In this notebook, we demonstrate big data visualizations with Kaggle's [Huge Stock Market Dataset](https://www.kaggle.com/borismarjanovic/price-volume-data-for-all-us-stocks-etfs).

### Getting Started
- Zipped CSVs:
    - https://www.kaggle.com/borismarjanovic/price-volume-data-for-all-us-stocks-etfs/downloads/Data.zip
- Unzips to a `Data` directory with `Stocks` inside.  In the code block below, set `path` to your path to `Stocks`

In [1]:
path = "/Users/joshday/datasets/stockdata/Stocks"
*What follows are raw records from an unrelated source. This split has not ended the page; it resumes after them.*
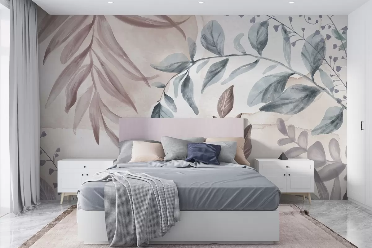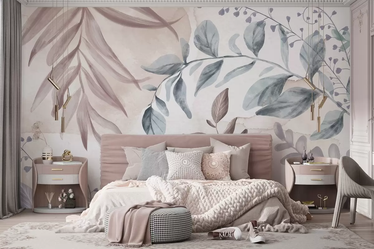 Фотошпалери Ботанічний принт з листям і квітковими гілками в м'яких пастельних тонах, на акварельному тлі w08668
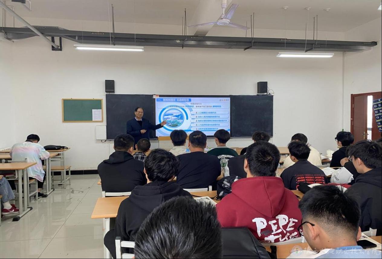 4月8日上午,陕西机电职业技术学院党委书记伊逊智在博学楼317教室为22智能联培1、22机械制造1合班学生上形势与政策课,讲授《读懂中国式现代化》专题内容。
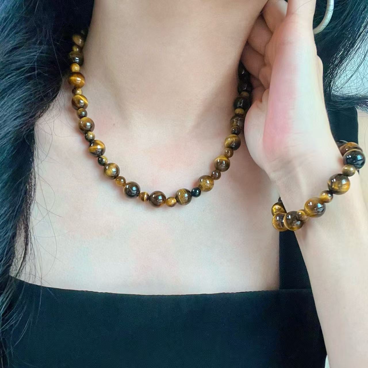 10mm店主推荐秋冬精品美拉德风天然虎眼石项链 保真可复检
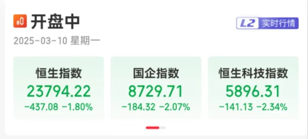 港股方面,截至发稿,恒生指数跌1.8%,恒生科技指数跌近2.34%,科技股领跌,中芯国际跌4.4%,阿里巴巴跌3.5%,腾讯控股跌2.81%。
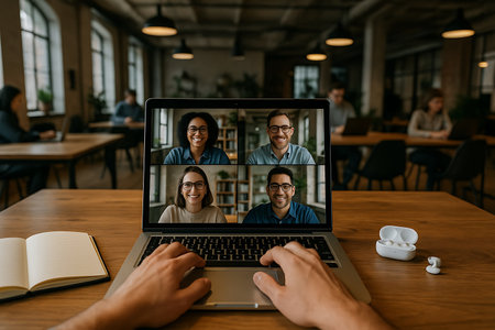 First-person view of hands on a laptop displaying a video conference with four diverse, smiling professionals. The scene captures a modern office or coworking space in the blurred background, along with a notebook and wireless earbuds on a wooden desk, emphasizing contemporary digital collaboration and remote work.
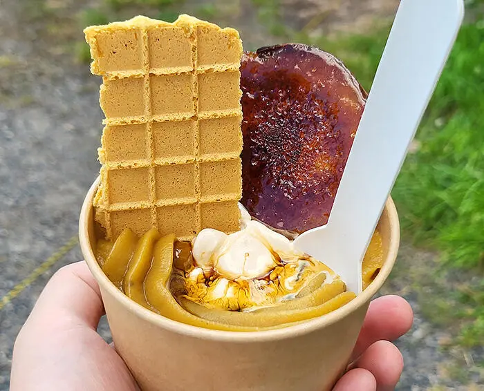 ブリュレされてカリッとした食感の焼き芋も、甘くてソフトクリームと一緒に食べるとより美味しい♪
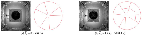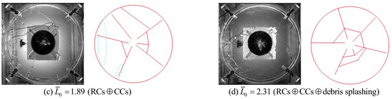 Figure 10 provides the ice damage at four initial submergence depths, in which the time was all chosen at s. In Figure 10a, it can be observed that there were slight and inconspicuous RCs extending from the center of the ice plate to the edge, i.e., RCs pattern. With the increase of the initial submergence depth of the sphere, in Figure 10b, the ice was damaged severely with a greater number of RCs and several slight CCs at a distance from the center, i.e., RCs⊕CCs pattern. In Figure 10a,b), ice plates did not break up, or the cracks did not penetrate the ice plate, which was also named ‘part-through’ cracks [65]. In terms of the damage pattern of the ice plate, the phenomenon shown in Figure 10c was not changed significantly from that shown in Figure 10b. However, one can observe that air bubbles were captured under the ice plate, as denoted in the blue circles. This is because the cracks had penetrated the ice plate and air entered through the cracks and edges. When the initial submergence depth increased to 2.31, as shown in Figure 10d, in addition to RCs and CCs on the ice plate, ice debris can be clearly found splashing from the center of the ice plate, i.e., a debris-splashing pattern.
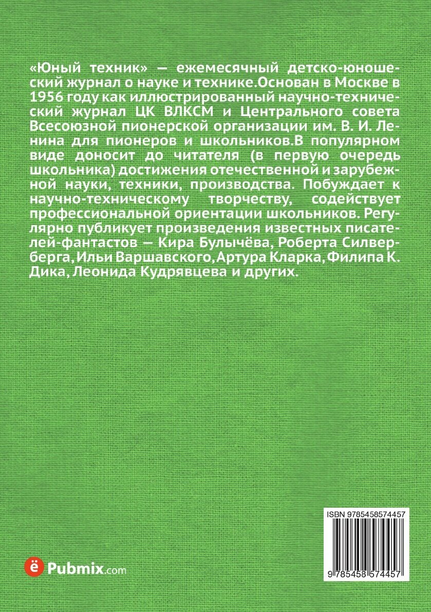 «Юный техник» — ежемесячный детско-юношеский журнал о науке и технике.Основан в Москве в 1956 году как иллюстрированный научно-технический журнал ЦК ВЛКСМ и Центрального совета Всесоюзной пионерской организации им. В. И. Ленина для пионеров и школьников.В популярном виде доносит до читателя (в первую очередь школьника) достижения отечественной и зарубежной науки, техники, производства. Побуждает к научно-техническому творчеству, содействует профессиональной ориентации школьников. Регулярно публикует произведения известных писателей-фантастов — Кира Булычёва, Роберта Силверберга, Ильи Варшавского, Артура Кларка, Филипа К. Дика, Леонида Кудрявцева и других.
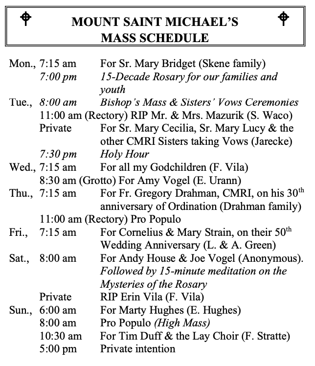 MOUNT SAINT MICHAEL’S MASS SCHEDULE
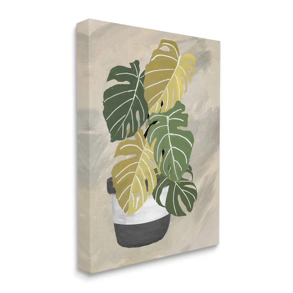 Stupell Monstera Plant Black Stripe Planter Abstract Neutral Background Canvas Wall Art - Green - 16 X 20
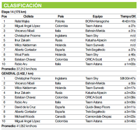 El ciclista polaco Rafal Majka (Bora Hansgrohe) ganó ayer la etapa 14 de la Vuelta a España, disputada entre Écija y Alto de la Sierra de la Pandera con una distancia de 175 kilómetros, mientras que Chris Froome (Sky) controló su renta en la general cruzando la meta junto con Vincenzo Nibali (Bahrain-Merida).

"/Users/joshday/datasets/stockdata/Stocks"

# Load packages

In [2]:
@show addprocs()
using JuliaDB, OnlineStats, Plots, Interact
gr()

Plots.GRBackend()

# Load Data

Dataset is split into many CSVs.  This adds a column for filename (called `:Symbol`), and we index by the `:Symbol` and `:Date` fields.

In [3]:
@time stocks = loadtable(path; indexcols = [:Symbol, :Date], filenamecol = :Symbol)

 44.909531 seconds (3.16 M allocations: 169.887 MiB, 0.23% gc time)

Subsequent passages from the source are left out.